Peasants Bringing Home a Calf Born in the Fields
Oil on canvas
31 15/16 x 39 3/8 in. (81.1 x 100 cm)
Inscribed at lower right: J.F. Millet
Henry Field Memorial Collection, 1894.1063
In Peasants Bringing Home a Calf Born in the Fields, which was exhibited in the 1864 Salon in Paris, Jean-François Millet shows two peasant men carrying a newborn calf on a wooden support down a path toward a house where two young girls await their return. The strong, hardworking peasants, with torn clothes and humble living conditions, reflect Millet’s commitment to the Realist aesthetic and his connection to the rural countryside. Born into a middle-class family in the small town of Cherbourg, France in 1814, Millet never lost touch with his rustic upbringing. While living in Barbizon, he became the central figure of an artist’s colony dedicated to images of rural France.
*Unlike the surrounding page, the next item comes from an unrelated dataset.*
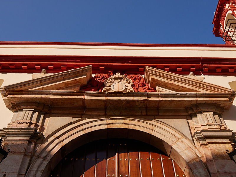 De líneas elegantes, está realizada en mármoles negros y encarnados. Se trata de una pieza labrada por Antonio Gil Gataón, que se dispone a partir de dos pilastras toscanas con sus correspondientes traspilastras que enmarcan el arco, todo ello sobre podios y a las que superponen dados de entablamento con el consiguiente triglifo. El remate se efectúa mediante un frontón triangular y roto que cobija una cartela con el escudo de La O timbrado de corona y flanqueado de dos figuras infantiles labradas en argamasa.

Millet’s Realist portrayal of the life of peasants was not well received by French critics of his day. Writer Ernest Chesneau described the figures in the painting as “types of cretins from the countryside.” Some critics saw a resemblance to biblical scenes, such as the Nativity or a procession carrying the Ark of the Covenant, and the alleged incongruity of an elevated theme illustrated with lowly figures angered audiences. Not everyone was disturbed by Millet’s subjects and style, however. Vincent van Gogh was one of numerous 19th-century artists who admired Millet’s empathic depiction of peasants as noble figures whose virtue was a function of their closeness to nature and, by extension, to God.